The act of weaving is for Teresa Lanceta (Barcelona, 1951) a critical activation of the imagination that goes beyond material limits. For her, weaving is formulated as an open code of rupture and repetition from which one can always read, transform and transmit knowledge that is complex and plural. A way of doing things without any prior sketch in which image and background, object and language, support and image are constructed at the same time, assuming the unforeseen, the mistakes and the successes.
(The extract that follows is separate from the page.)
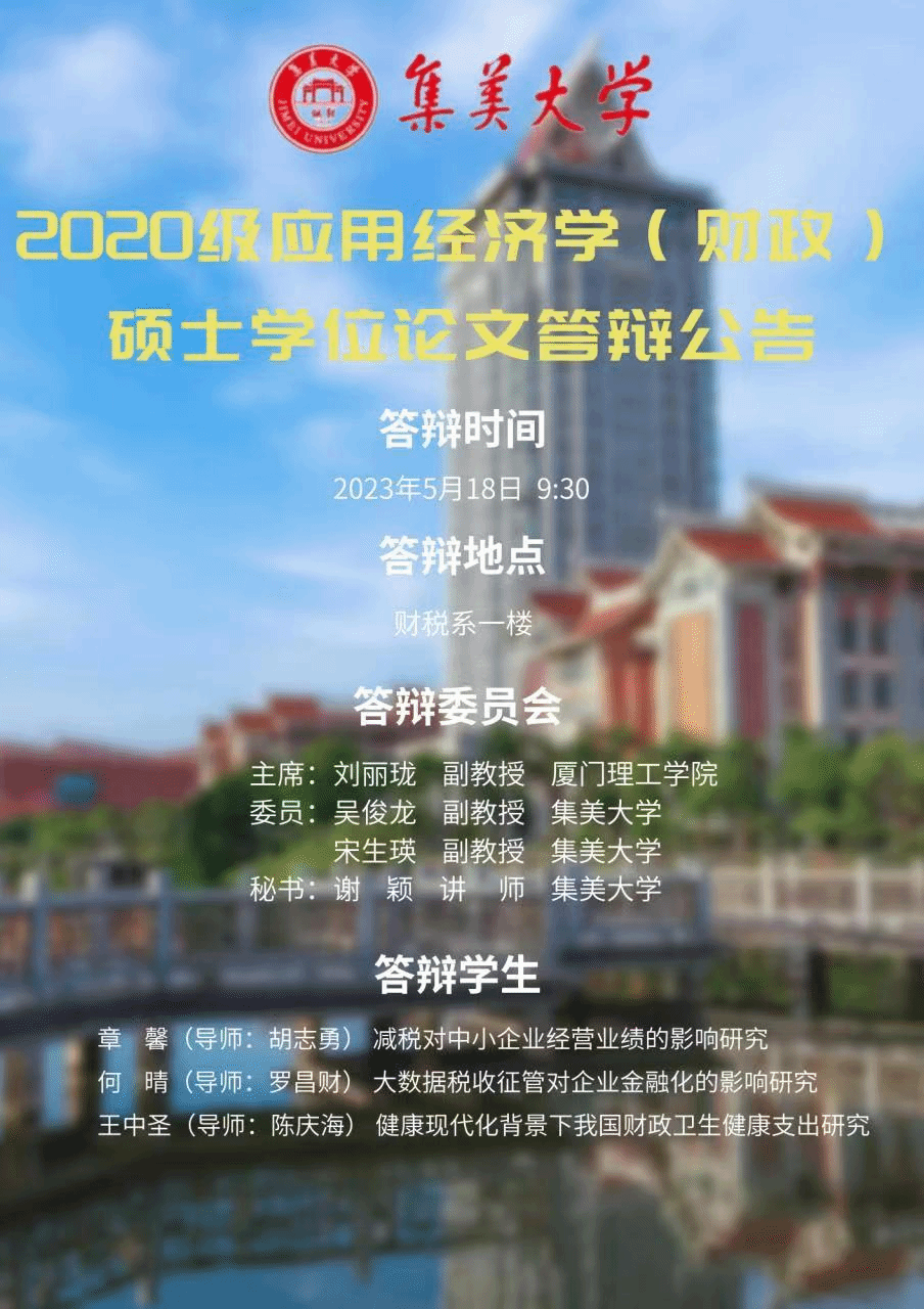 下一篇:集美大学财经学院2023届会计专业硕士研究生毕业论文答辩会3

Accepting the unexpected is for Lanceta a way of learning a primordial and universal code that clearly manifests an internal law; a law that transcends physical, temporal, and cultural boundaries. This is a "technical" knowledge, a techno, which depends on a specific geographical, cultural and human context, either the Raval district of Barcelona - where Lanceta lived - or the Middle Atlas - which frequent annually for three decades. These are places where Lanceta is spurred on by her interest in women's work, through the non-verbal communication of stories and affections.